Asia

Pakistan Frees Asia Bibi from Blasphemy Death Sentence

Jailed Christian mother acquitted by Supreme Court after eight years. Violent protests erupt in major cities.
Pakistan Frees Asia Bibi from Blasphemy Death Sentence
Asia Bibi

Today the Supreme Court of Pakistan acquitted Asia Bibi of committing blasphemy against the Prophet Muhammad, a crime punishable with death in the Muslim country, amid threats of nationwide paralyzing protests and “horrible” consequences to judges and army generals if the Christian mother of five was released.

In response, protests have already erupted in Islamabad, Lahore, and Karachi, among other cities.

In their final judgment, reviewed by CT, reversing Bibi’s convictions by two lower courts and removing her death sentence, the panel of three judges ruled that Bibi was “wrongly” accused by two sisters with the help of a local cleric, based on “material contradictions and inconsistent statements of the witnesses” that “cast a shadow of doubt on the prosecution’s version of facts.”

“Furthermore, the alleged extra-judicial confession was not voluntary but rather resulted out of coercion and undue pressure as the appellant was forcibly brought before the complainant in presence of a gathering, who were threatening to kill her; as such, it cannot be made the basis of a conviction,” they wrote.

“Therefore, the appellant being innocent deserves acquittal,” the judges concluded.

One even accused Bibi’s accusers of violating a covenant made by Muhammad with Christians in the seventh century but still valid today.

“Blasphemy is a serious offense,” wrote justice Asif Saeed Khosa, “but the insult of the appellant’s religion and religious sensibilities by the complainant party and then mixing truth with falsehood in the name of the Holy Prophet Muhammad (Peace Be Upon Him) was also not short of being blasphemous.

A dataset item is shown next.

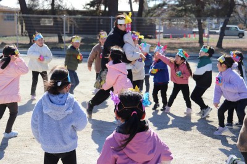 「鬼はどこから来るのかな?」あたりをキョロキョロしていると・・鬼が・・!!!「鬼は~外! 福は~内!」みんなの強い心で無事に退治出来ました。今日、退治した鬼はどんな鬼だったかな?お家でお話してみて下さいね!
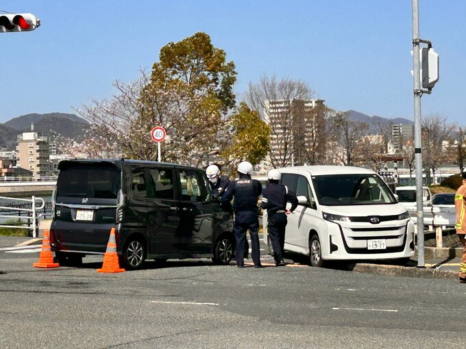 警察と消防によりますと、午後1時ごろ、運転手から「車3台の追突で車内に閉じ込めがある」と119番通報がありました。

“It is ironical that in the Arabic language the appellant’s name Asia means ‘sinful’ but in the circumstances of the present case she appears to be a person, in the words of Shakespeare’s King Leare [sic], ‘more sinned against than sinning.’”

Bibi’s husband Ashiq Masih and their two daughters, currently in London, anxiously await her safe release and reunion with her after eight years of wrongful detention.

However, Agence France-Presse has reported that the Red Mosque [Lal Masjid]—a significant mosque in the capital, Islamabad, which played a pivotal role in the 1980s and ’90s in recruiting and training mujaheedin for the Soviet-Afghan war—filed a petition in the Islamabad High Court to put Bibi’s name “on the no-fly list” so that she could not leave the country. The Red Mosque “will become a center for the anti-government movement” if she is released, reported The Express Tribune.

“We are breathing a sigh of relief today,” stated David Curry, CEO of Open Doors USA, “… as these charges stemmed from her Christian identity as well as false accusations against her. We are hopeful that Pakistan will now take additional steps to offer religious freedom and basic human rights throughout the country.” Pakistan ranks No. 5 on the 2018 World Watch List of the 50 countries where it’s hardest to be a Christian.

Bibi was the first Christian woman sentenced to death under Pakistan’s blasphemy laws, and only the second (after Ayub Masih, released in 2002 and discussed in point No. 13 of Bibi’s acquittal) whose blasphemy case has gone up to the Supreme Court and won release.

Earlier this month, the three-member bench—chief justice Mian Saqib Nisar and justices Khosa and Mazhar Alam Khan Miankhel—heard arguments from both sides on October 8 at a hearing attended by CT, but reserved their verdict until today.

“It is the duty of the State to ensure that no incident of blasphemy shall take place in the country,” they wrote. “… However, it is not for the individuals, or a gathering (mob), to decide as to whether any act” amounts to blasphemy.

They cited a 2016 ruling:

Commission of blasphemy is abhorrent and immoral besides being a manifestation of intolerance but at the same time a false allegation regarding commission of such an offence is equally detestable besides being culpable.

If our religion of Islam comes down heavily upon commission of blasphemy then Islam is also very tough against those who level false allegations of a crime.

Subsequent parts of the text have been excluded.